You should not give the client the choice of deciding. The client may have no problem with you doing the cake but then is going to be very upset if something happens and you can't do it. They are going to feel like YOU should have made the decision to not take orders during a certain time frame, even though you cannot predict what's going to happen. Plus, you are really going to feel bad if you cannot make the cake and it is to close to the party for her to find someone else.
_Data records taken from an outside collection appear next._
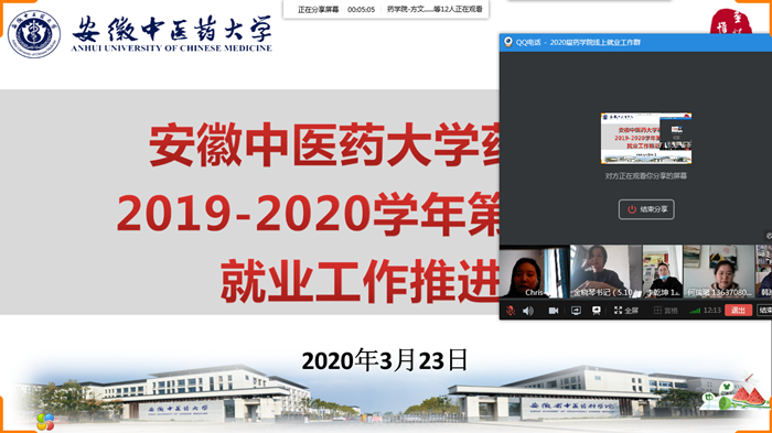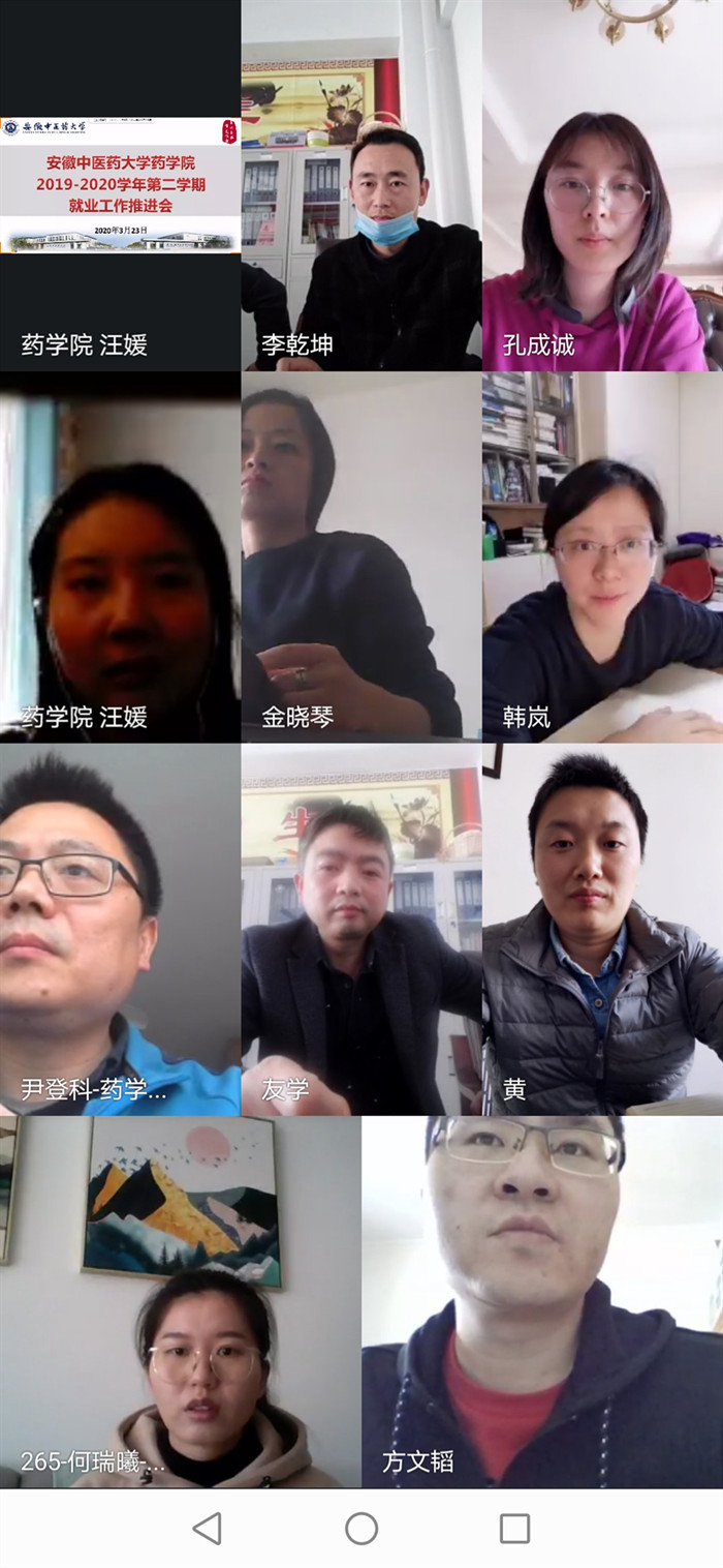 为贯彻落实省教育厅和学校对于疫情期间的就业工作指导精神,最大程度降低疫情对毕业生就业工作的影响,保障顺利完成2020届毕业生就业工作目标。3月23日,药学院召开2020届毕业生就业工作网络推进会,学生处副处长金晓琴、学院党政领导、亳州职业技术学院药学院院长刘耀武、全体毕业班辅导员和就业工作秘书汪媛参加会议,会议由汪媛主持。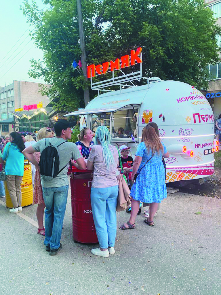 Не так давно один из наших предпринимателей, который занимается локальной кухней (у него ресторан «Националь» коми-пермяцкой национальной кухни), сделал два фудтрака, ещё два у него в производстве. Эти траки выкрашены в традиционные коми-пермяцкие цвета.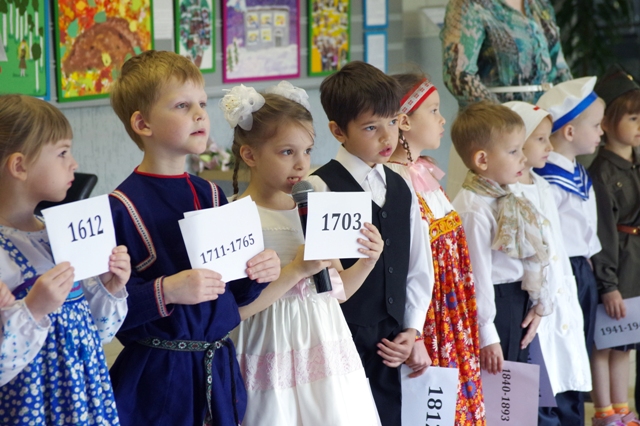 История, как и положено, начинается от Рождества Христа, потом было Крещение Руси, славные деяния великих сынов нашего Отечества, события истории и культурной жизни шагают полентевремени то одновременно, то попеременно, и дети, работая над выставкой, многое поняли, узнали, запомнили. Вот это и есть современные технологии образования. Тем более, что и презентация выставки была подготовлена и проведена самими участниками проекта просто блестяще. Молодцы, ребята!И огромная благодарность педагогам Ольге Алексеевне Ромашевой, Марии Николаевне Баженовой, руководителям гимназии за Ваш труд.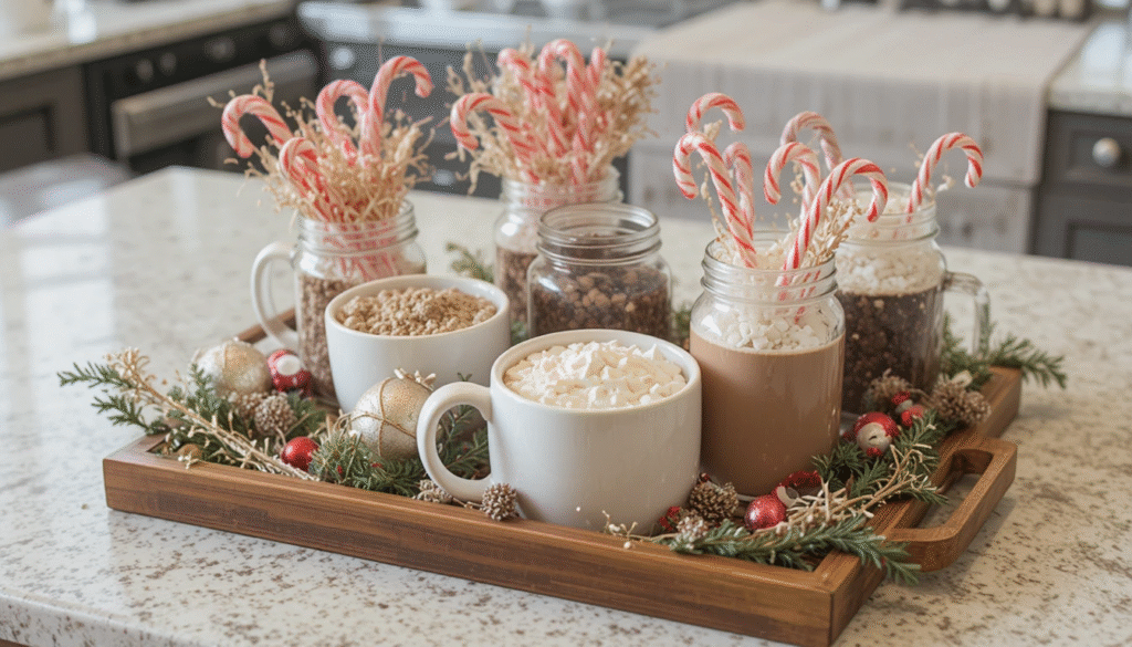 A simple hot cocoa bar not only adds charm to your kitchen but also creates a special holiday experience for your family and guests. Use inexpensive mugs, mason jars, or trays to arrange cocoa mix, toppings, and candy canes. Decorate with a few small ornaments or greenery for extra cheer. This cozy station makes your home feel extra festive without costing much.

cakesbycathy Posted 19 Feb 2013 , 7:48pm
post #11 of 15

AI would give yourself[B] at least[/B] 4 weeks before and plan on returning to caking no earlier than 2 months after baby is born. Unless you are going to have lots and lots of help with someone who is going to get up at night with the baby every time. Sleep deprivation and cake decorating do not go together well. :wink:

ellavanilla Posted 19 Feb 2013 , 10:43pm
post #12 of 15
Originally Posted by cakesbycathy 

I would give yourself at least 4 weeks before and plan on returning to caking no earlier than 2 months after baby is born. Unless you are going to have lots and lots of help with someone who is going to get up at night with the baby every time. Sleep deprivation and cake decorating do not go together well. icon_wink.gif

NOpe, they don't, and if you plan to nurse, you have to allow at least 6 weeks for a realistic adjustment period. I wouldn't want to have to worry about anything else. 

Annabakescakes Posted 19 Feb 2013 , 10:47pm
post #13 of 15
Originally Posted by ellavanilla 

NOpe, they don't, and if you plan to nurse, you have to allow at least 6 weeks for a realistic adjustment period. I wouldn't want to have to worry about anything else. 
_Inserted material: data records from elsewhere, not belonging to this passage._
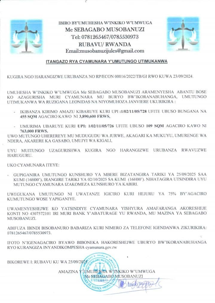 ITANGAZO RYA CYAMUNARA Y'UMUTUNGO UTIMUKANWA UHEREREYE NYAMYUMBA MURI RUBAVU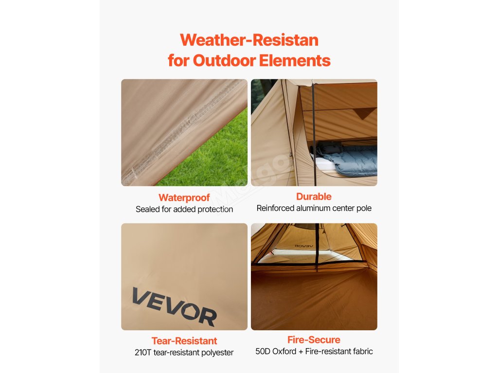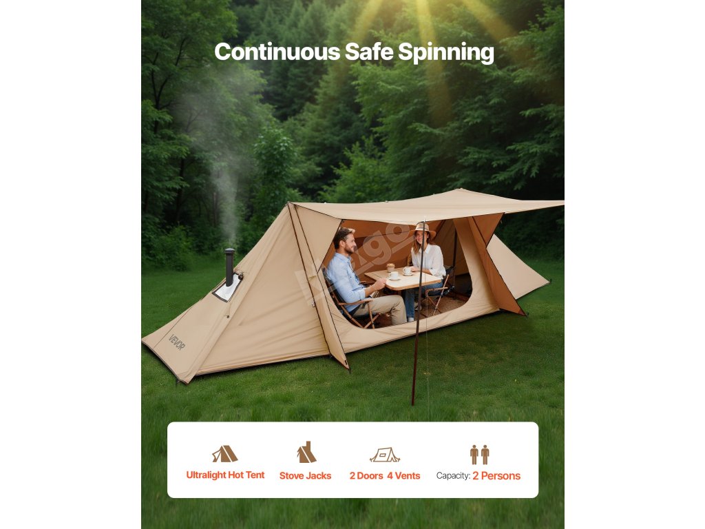 Vyzkoušejte horký stan s tyčemi - je určen pro outdoorové táborníky, kteří dávají přednost bezpečí a pohodlí. Zesílené podpěrné tyče zajišťují silnou odolnost proti větru, takže stan je spolehlivý i v náročném počasí. Prostorný prostor nabízí dostatek místa pro rodinné vaření, odpočinek a společenská setkání.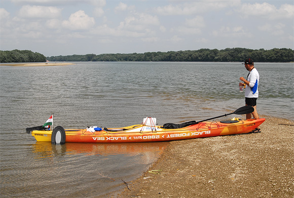 Reggel fél hétkor keltünk, én befejeztem a tegnapi beszámolót, Gáspár elment reggelit vásárolni, Attila pedig pakolt. Az eget felhők borították, de nem úgy nézett ki, mintha esni akarna, sőt, mire a vízre tettük a kajakot már a nap is kisütött. Ahogyan tegnap befelé jövet, egyedül eveztem ki a strandtól a zsilipig, ahol át kellett emelni a kajakot a kis csatornába. Így gyorsabb volt, mint a kétszáz méteren mindketten ki- és beszálljunk, ráadásul gyalog a táv is rövidebb volt. A csatorna előtti sziget felett eveztünk be a Dunába, és folytattuk utunkat dél felé.

Oh, man I forgot about that! I never could get my twins latched on and pumped for 9 months (Where is that milking the cow smiley?) My daughter was born knowing how, then my last son would snuggle up and go to sleep! He lost weight, while my daughter gained a pound her first 10 days.

A Cakerellas Posted 20 Feb 2013 , 3:08am
post #14 of 15

thats really good planing.

jgifford Posted 20 Feb 2013 , 2:22pm
post #15 of 15

I was remodeling a house up until the day before my first was born.  She absolutely terrified me!  She only weighed 5lbs 2 oz, but scared me silly.  I had never even changed a diaper so I had no idea what to expect. With my 2nd and 3rd as well, I worked until the day before they were born.


I would say that as long as you're healthy and not having complications, you'll probably be ok with the cake before the baby comes.  But after?  No.  Even if you run a day care and take care of babies all day long, it's different with your own.  And you'll want to spend hours just watching him/her sleep - not dealing with a cake.  My first doubled her birth weight in 7 weeks, so guess what I was doing every hour on the hour? I decided the dark circles under my eyes were going to be permanent since I wasn't getting much sleep at all.  I can't imagine trying to do a cake during that time.


I would definitely explain the situation to the bride with the cake before your due date and let her make the call. But I wouldn't do the one after the baby comes - you just need more than a few weeks to get back into the swing of things.